------ Source data ------

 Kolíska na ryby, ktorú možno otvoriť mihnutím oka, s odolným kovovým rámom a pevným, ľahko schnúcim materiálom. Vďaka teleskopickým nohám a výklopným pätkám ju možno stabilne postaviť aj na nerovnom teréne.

------
------ Source data ------

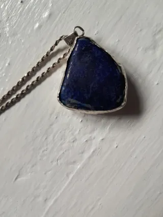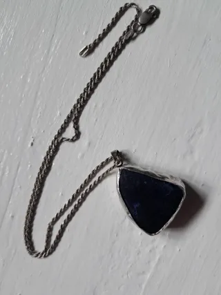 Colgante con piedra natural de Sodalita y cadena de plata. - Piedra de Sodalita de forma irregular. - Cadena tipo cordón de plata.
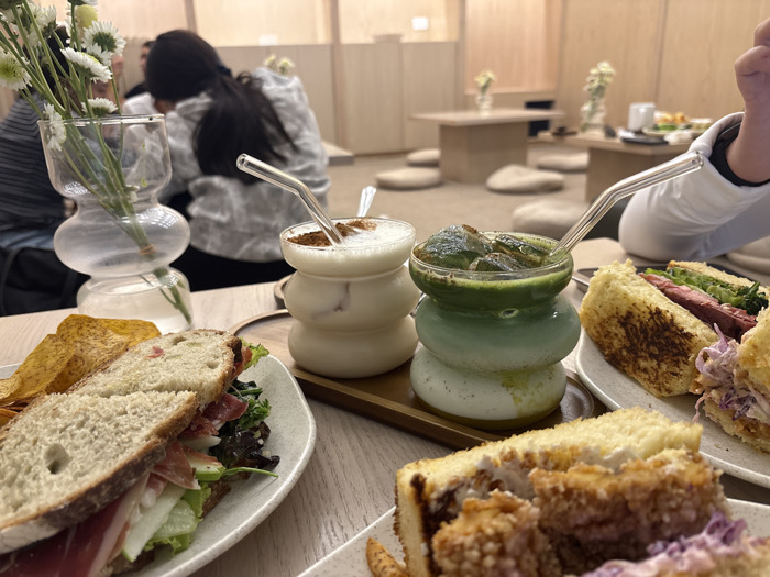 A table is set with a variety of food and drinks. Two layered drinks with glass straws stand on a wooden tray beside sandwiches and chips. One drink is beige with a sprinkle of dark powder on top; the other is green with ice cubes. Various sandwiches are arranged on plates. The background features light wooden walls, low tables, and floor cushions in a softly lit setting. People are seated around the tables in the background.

------

● Work required
Look above for the line with "Colgante con piedra", then print it and each line after it down to and including the line with "A table is set". Leave out the pictures and keep the wording exact.

● Response to this exercise
 Colgante con piedra natural de Sodalita y cadena de plata. - Piedra de Sodalita de forma irregular. - Cadena tipo cordón de plata.
 A table is set with a variety of food and drinks. Two layered drinks with glass straws stand on a wooden tray beside sandwiches and chips. One drink is beige with a sprinkle of dark powder on top; the other is green with ice cubes. Various sandwiches are arranged on plates. The background features light wooden walls, low tables, and floor cushions in a softly lit setting. People are seated around the tables in the background.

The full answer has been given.